Sunday morning is another dangerous moment - when buses are full of Israelis beginning their working week. These are peak times for suicide bombings. Our calendar is divided into days and hours when attackers are more or less likely to strike. 'City of the dead' But while there are patterns and probabilities, there are no guarantees. So like everyone in Israel, I pause each time I hear a siren.
Jerusalem is a city of the dead - blown up at bus stops, in restaurants, while shopping in the market. The coffee shop a street away from my home has a shiny gold plaque outside the door, bearing the names of the 11 young people killed by a suicide bomber on a Saturday night in March. After waves of suicide attacks Israel reoccupied virtually the entire West Bank - first in March and then again in June. Imprisoned and trapped I've spent many days in the past year watching Israeli armour rolling in and out of all the major Palestinian towns and cities on the West Bank.
Palestinians try to live their lives in stolen hours between curfews, imprisoned by closed military zones, trapped by checkpoints. Imagine you are a Palestinian and your wife is in labour. Will you be able to get her safely through the checkpoints and on to the hospital? Maybe. Maybe not. Your child needs urgent medical treatment. Can you get him to the doctor? Maybe you'll get there. Maybe you won't. Israel's right-wing government has staked all on a military solution. But the more it tries to crush the militants, the more resistance it generates. Suicide bombers continue to emerge from among the rubble, ready to kill, in the name of the Palestinian dead. Arafat clings on This was the year Washington tried to write off the Palestinian leader. President George Bush announced to the world that Yasser Arafat was compromised by terror.
He clings to power, in the ruins of his headquarters in Ramallah. Over the past 12 months, we've made many furtive runs into his battered compound, sneaking through back gardens, to dodge the Israeli tanks that have been in almost permanent residence.
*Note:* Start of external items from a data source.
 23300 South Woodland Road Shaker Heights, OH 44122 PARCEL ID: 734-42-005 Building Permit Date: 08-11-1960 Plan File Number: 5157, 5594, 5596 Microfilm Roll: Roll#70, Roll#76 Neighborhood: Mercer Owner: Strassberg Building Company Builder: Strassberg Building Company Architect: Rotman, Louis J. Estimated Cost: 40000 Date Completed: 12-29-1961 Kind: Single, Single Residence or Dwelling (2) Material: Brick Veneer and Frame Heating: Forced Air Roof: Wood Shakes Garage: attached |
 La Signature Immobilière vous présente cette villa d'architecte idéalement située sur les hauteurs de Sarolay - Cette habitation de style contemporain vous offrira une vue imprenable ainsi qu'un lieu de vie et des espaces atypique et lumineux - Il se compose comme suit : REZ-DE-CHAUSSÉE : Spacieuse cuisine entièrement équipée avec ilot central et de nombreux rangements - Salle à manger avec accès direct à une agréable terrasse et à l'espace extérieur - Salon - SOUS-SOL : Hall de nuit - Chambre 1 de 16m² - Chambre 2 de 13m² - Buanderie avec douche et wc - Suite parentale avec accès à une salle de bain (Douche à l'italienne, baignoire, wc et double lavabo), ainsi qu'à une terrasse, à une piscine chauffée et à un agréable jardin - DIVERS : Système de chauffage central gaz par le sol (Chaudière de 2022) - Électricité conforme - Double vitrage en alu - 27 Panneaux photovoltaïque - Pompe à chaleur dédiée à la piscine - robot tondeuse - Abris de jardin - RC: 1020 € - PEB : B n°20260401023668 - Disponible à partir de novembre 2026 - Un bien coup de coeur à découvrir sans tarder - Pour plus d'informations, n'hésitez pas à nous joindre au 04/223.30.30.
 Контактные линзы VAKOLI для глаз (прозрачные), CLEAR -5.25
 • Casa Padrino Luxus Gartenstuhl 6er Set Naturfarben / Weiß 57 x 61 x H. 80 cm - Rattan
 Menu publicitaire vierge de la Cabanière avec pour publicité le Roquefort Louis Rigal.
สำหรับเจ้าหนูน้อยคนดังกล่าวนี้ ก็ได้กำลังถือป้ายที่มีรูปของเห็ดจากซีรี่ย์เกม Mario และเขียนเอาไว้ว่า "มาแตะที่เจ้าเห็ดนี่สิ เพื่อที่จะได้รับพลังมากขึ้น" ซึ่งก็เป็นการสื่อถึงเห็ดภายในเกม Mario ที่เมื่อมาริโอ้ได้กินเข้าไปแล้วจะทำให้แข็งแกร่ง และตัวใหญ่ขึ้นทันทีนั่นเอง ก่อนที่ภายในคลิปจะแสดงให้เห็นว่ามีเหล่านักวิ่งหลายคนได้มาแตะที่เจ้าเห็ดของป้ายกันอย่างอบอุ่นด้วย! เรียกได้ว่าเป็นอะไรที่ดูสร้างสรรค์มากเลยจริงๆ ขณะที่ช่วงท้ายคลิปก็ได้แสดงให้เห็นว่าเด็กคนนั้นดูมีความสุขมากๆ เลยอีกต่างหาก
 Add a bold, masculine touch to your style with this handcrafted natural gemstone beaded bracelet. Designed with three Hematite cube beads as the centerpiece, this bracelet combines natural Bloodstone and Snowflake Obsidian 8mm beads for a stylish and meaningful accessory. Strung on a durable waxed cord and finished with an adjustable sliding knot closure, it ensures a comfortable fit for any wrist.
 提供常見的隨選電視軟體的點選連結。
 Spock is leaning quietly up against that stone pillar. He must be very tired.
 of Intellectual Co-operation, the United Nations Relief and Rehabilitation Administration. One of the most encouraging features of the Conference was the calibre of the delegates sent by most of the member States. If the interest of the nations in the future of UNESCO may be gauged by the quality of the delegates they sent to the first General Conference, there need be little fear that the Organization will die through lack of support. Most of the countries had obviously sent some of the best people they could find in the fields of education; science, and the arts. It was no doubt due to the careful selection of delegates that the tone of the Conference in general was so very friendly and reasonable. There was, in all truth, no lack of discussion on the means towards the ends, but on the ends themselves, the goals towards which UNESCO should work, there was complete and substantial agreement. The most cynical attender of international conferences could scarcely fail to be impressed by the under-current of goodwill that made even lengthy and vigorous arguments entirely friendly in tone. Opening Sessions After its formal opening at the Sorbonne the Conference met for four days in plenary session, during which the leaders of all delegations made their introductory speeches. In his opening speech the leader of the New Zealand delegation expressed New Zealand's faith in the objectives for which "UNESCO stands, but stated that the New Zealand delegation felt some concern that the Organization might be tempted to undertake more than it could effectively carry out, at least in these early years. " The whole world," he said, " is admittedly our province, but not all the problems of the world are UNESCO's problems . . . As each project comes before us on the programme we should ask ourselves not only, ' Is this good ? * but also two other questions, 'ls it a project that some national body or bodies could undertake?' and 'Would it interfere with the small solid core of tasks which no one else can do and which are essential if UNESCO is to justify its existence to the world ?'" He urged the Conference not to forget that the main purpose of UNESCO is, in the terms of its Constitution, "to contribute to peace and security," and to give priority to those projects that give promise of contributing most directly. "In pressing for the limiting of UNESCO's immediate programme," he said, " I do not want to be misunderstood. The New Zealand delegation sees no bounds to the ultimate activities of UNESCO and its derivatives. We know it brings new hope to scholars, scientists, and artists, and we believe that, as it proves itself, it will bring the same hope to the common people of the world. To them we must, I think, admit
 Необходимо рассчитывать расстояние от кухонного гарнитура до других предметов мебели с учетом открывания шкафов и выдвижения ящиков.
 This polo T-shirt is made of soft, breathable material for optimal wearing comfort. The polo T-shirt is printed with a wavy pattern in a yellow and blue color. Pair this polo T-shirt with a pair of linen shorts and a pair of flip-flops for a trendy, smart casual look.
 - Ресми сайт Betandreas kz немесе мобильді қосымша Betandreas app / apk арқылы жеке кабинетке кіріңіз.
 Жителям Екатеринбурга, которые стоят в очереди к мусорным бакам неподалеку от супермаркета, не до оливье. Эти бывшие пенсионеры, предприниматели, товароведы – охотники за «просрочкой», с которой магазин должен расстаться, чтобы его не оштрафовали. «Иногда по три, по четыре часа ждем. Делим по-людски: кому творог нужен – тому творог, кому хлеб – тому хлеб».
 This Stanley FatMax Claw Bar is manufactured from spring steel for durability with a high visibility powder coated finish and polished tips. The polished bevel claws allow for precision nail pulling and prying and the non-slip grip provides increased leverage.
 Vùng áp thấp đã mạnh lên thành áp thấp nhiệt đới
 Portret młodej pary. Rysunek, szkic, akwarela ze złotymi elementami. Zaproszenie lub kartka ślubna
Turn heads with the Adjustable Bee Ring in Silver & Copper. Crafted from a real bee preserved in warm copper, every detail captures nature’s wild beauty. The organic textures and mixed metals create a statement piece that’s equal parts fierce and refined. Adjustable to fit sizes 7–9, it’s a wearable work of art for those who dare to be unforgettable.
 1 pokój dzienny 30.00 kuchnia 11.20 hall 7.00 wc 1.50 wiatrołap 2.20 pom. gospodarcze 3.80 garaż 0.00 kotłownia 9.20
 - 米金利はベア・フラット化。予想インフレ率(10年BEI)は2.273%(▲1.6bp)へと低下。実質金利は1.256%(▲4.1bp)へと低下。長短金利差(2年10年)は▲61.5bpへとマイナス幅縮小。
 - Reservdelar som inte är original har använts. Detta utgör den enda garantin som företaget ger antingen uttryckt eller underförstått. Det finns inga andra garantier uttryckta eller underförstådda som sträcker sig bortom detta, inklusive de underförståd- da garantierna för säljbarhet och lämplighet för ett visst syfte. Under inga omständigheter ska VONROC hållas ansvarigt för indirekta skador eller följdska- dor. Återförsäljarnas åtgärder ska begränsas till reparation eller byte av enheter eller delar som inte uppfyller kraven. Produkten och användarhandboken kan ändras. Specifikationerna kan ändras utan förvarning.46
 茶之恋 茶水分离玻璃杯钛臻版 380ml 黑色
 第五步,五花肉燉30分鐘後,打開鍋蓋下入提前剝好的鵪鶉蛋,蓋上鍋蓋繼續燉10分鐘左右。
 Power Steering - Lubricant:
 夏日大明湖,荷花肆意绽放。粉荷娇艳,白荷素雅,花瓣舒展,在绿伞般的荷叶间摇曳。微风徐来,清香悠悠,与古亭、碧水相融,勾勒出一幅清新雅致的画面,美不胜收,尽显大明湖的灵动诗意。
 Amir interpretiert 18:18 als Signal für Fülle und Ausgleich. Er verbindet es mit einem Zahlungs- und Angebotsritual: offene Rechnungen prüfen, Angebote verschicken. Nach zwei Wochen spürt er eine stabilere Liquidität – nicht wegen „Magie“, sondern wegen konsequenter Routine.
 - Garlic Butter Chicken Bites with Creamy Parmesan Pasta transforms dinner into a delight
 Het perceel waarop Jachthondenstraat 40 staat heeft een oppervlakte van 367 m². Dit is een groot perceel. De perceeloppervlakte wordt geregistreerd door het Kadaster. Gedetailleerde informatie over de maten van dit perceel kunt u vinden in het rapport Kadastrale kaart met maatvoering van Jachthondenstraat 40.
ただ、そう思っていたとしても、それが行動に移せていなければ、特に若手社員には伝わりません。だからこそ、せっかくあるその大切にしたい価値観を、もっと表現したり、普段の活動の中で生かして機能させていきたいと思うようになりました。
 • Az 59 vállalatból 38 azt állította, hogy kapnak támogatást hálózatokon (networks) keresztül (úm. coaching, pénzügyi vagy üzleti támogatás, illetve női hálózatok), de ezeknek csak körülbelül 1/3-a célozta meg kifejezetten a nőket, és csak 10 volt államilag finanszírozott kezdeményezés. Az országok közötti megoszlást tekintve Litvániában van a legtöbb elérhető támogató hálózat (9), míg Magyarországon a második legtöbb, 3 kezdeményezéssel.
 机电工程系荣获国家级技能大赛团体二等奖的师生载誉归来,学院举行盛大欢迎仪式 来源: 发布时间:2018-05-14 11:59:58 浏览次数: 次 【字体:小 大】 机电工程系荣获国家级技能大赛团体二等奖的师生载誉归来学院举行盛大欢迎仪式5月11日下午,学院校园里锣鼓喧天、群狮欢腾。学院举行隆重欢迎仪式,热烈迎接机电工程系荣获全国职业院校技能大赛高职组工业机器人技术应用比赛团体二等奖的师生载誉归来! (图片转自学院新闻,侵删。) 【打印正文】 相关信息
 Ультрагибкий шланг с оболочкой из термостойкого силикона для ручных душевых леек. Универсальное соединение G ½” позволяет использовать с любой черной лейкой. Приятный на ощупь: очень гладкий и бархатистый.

The White House is promising a Palestinian state in stages, but after decades of Israeli occupation the people of the West Bank and Gaza have little faith in that. Tragedy follows tragedy Both sides are facing the next year knowing that worse may be to come.
They worry they will lose more territory and more people in an Israeli assault, if and when America declares war on Iraq. Israelis fear being targets not just at home, but also for Islamic extremists abroad. Another tragedy is always coming here, to displace the last one - new victims taking the attention of the world from those who suffered last week or last month. But there are two fathers whose anguish cannot be forgotten - an Israeli and a Palestinian who have both buried two sons this year. Avi Ohion lost four-year-old Noam, five-year-old Matan and his wife when a Palestinian gunman attacked their home on a kibbutz in Northern Israel.
"Three entire worlds have disappeared," he says. "They loved life so much." Youssef al-Ghazawi lost six-year-old Ahmed and 13-year-old Jamil. They were killed by Israeli tank fire in the West Bank town of Jenin. Amateur video captured their last moments as they made a desperate dash for home. A tank, with a clear view, opened fire down the street as they ran. "They had asked me for some money to buy sweets," Youssef says. "We all thought the curfew had been lifted and that nothing would happen to them." Ahmed was buried with the bar of chocolate in his hands. Over the past 12 months, the Israeli leader Ariel Sharon has talked of need for painful concessions, but has yet to make any. With diplomacy effectively frozen, the body count keeps rising so fast and so relentlessly, that there are days when its hard to keep track. A recent cartoon in the left-wing Israeli daily Ha'aretz showed a quiz master asking his contestants: "Who can tell me how many people have been killed today?"